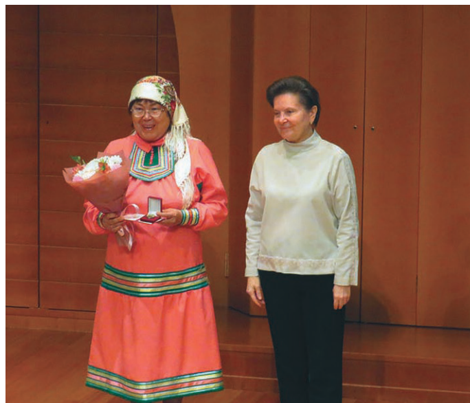
М.П. Куклина округ кўцаин Н.Комарован янытлаве

Школавт яныгщ ханты няврамыт ханищтахтэгыт – Казамкиныт, Айваседа, Сардаковыт, Иуси, ёрн
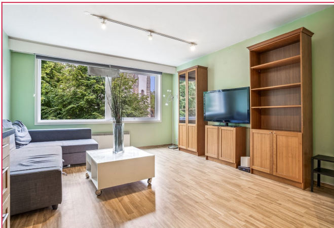
Leiligheten er 33 kvm og leies ut møblert

How to complete this task
From the first line to the last, write out the data exactly, dropping any pictures.

Finished task
М.П. Куклина округ кўцаин Н.Комарован янытлаве

Школавт яныгщ ханты няврамыт ханищтахтэгыт – Казамкиныт, Айваседа, Сардаковыт, Иуси, ёрн
Leiligheten er 33 kvm og leies ut møblert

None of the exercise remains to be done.